Breast cancer prevention products (Rx):
- Anastrozole tab 1 mg
- Exemestane tab 25 mg
- Raloxifene HCl tab 60 mg
- Tamoxifen citrate tab 10 mg and 20 mg
Additional Information
- Take these lists with you each time you or your family has a checkup or yearly exam.
- Your doctor must write a prescription for these preventive services to be covered by your plan, even if they are listed as OTC.
- The dosage form is how the product is supplied. For example, tablet, capsule, liquid, syrup or chewable tablet.
- Generic or brand name is listed if only that product type is covered.
- Treatment recommendations may vary. Please call your doctor or pharmacist if you have questions about your health or medicine**.
- Other rules, limits and exclusions may apply. Please contact your health plan to learn about your coverage**.
- An exceptions process is available for circumstances that fall outside the listed preventive services—such as, for example, a request for coverage of a brand name product because the listed generic products are not medically appropriate. A process is also available for coverage of preventive services without cost sharing for plan members identifying with a gender that differs from the member’s sex assigned at birth—such as, for example, a request for coverage of contraceptives or primary prevention of breast cancer for transgender members.
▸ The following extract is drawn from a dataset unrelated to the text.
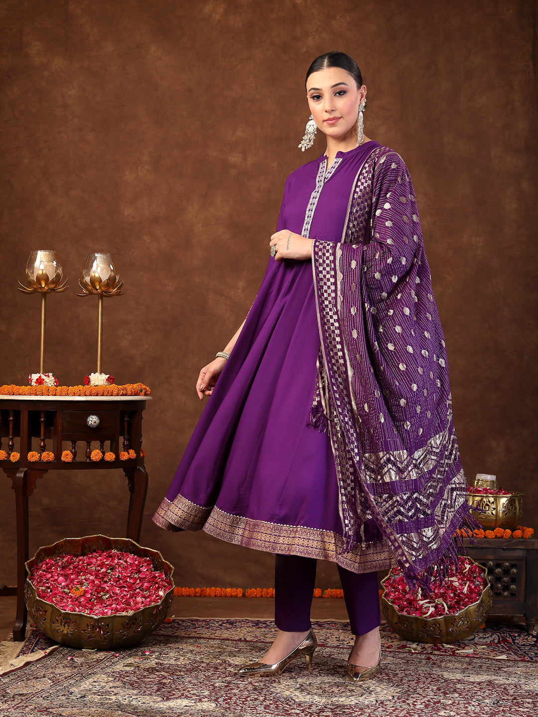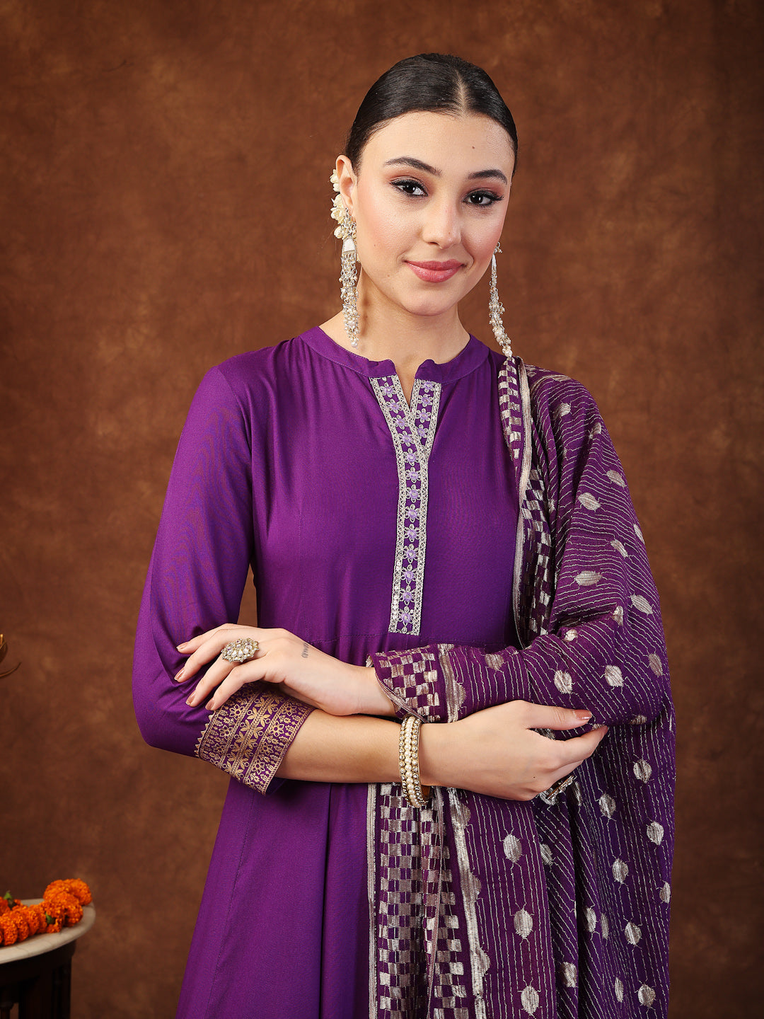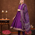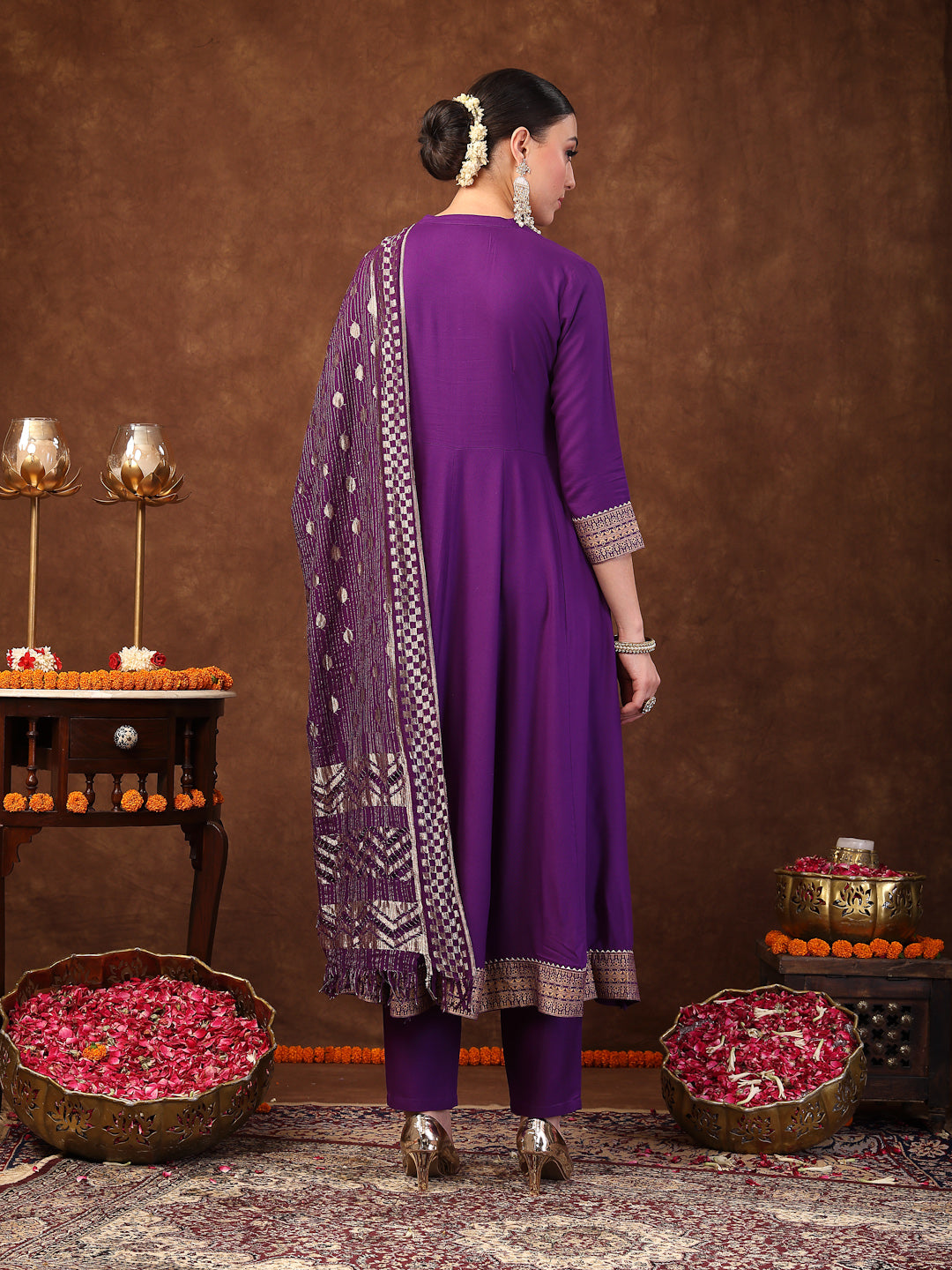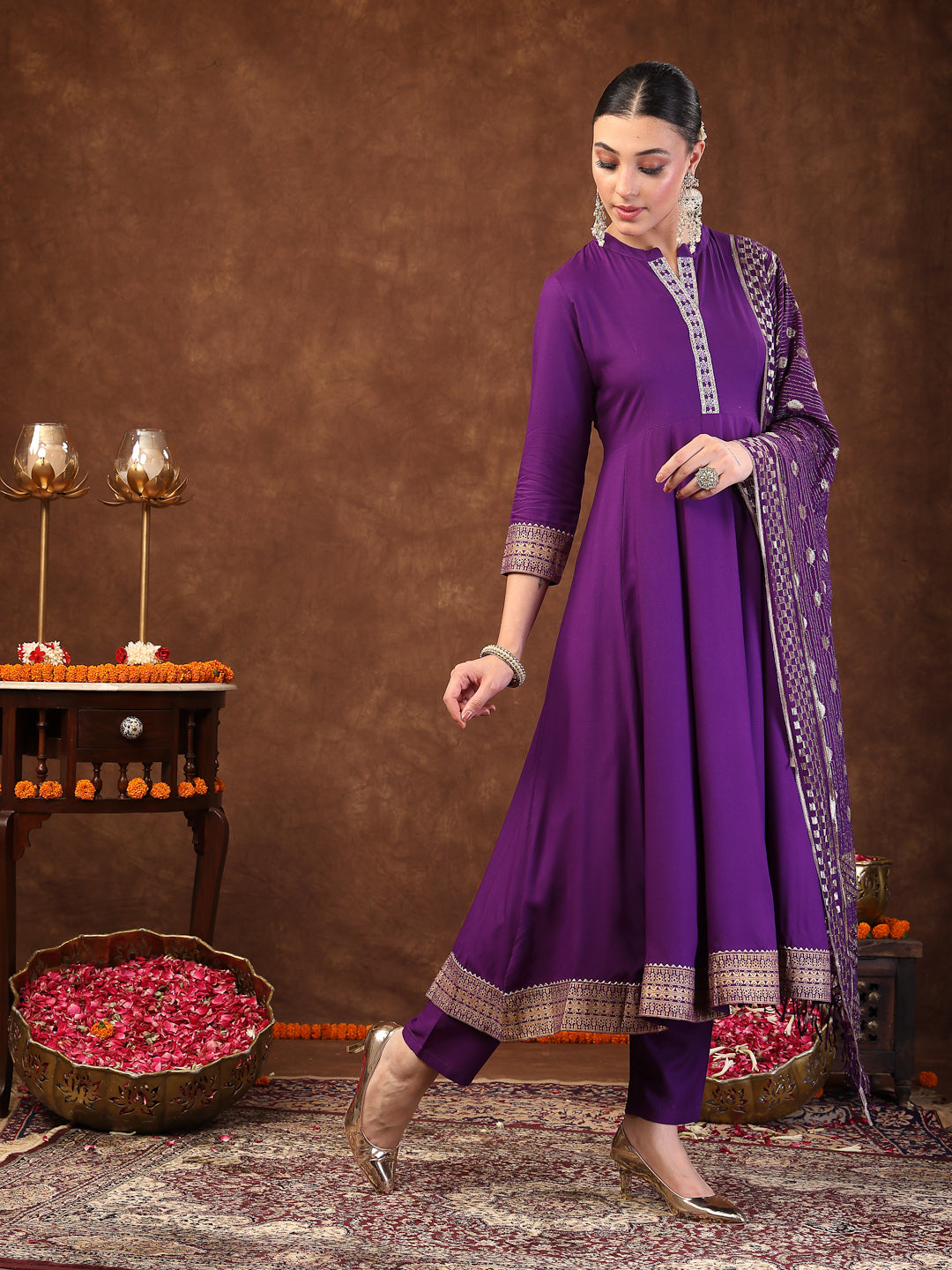 Violet Solid & Embroidered Rayon Anarkali Kurta Pant Dupatta Set (Pre-Order)

*Copay, copayment or coinsurance means the amount, out-of-pocket, a member is required to pay for a prescription in accordance with a plan, which may be a deductible, a percentage of the prescription price, a fixed amount or other charge, with the balance, if any, paid by a plan. **Recommendations, ages and populations may vary. Products listed may be updated periodically. List does not guarantee coverage. Your prescription benefit plan may not cover certain products or categories, regardless of their appearance in this document. Vaccines, immunizations and intrauterine devices may be covered through your medical or pharmacy benefit. Consult your plan for complete coverage and list details.
† Female or members capable of pregnancy.
†† Female or members at increased risk of breast cancer.
Listed products are for informational purposes only and are not intended to replace the clinical judgment of the prescriber.
This document contains references to brand-name prescription drugs that are trademarks or registered trademarks of pharmaceutical manufacturers not affiliated with CVS Caremark.
This list represents branded products in CAPS, branded generics in uppercase and lowercase Italics, and generic products in lowercase italics. Some strengths or dosage forms may not be included in the high-deductible health plan-health savings account (HDHP-HSA) Preventive Therapy Drug List and certain products or categories may not be covered, regardless of their appearance in this document. Please check with your plan provider should you have any question above coverage.
Additional medications may be included in this list from time to time in compliance with ACA requirements and/or Internal Revenue Service (IRS) guidance.
This Preventive Drug List has been adopted by the referenced health plan. This Preventive Services list and the HDHP-HSA Preventive Therapy Drug List should be modified as necessary or desired by the plan sponsor based on the advice of the plan sponsor’s counsel.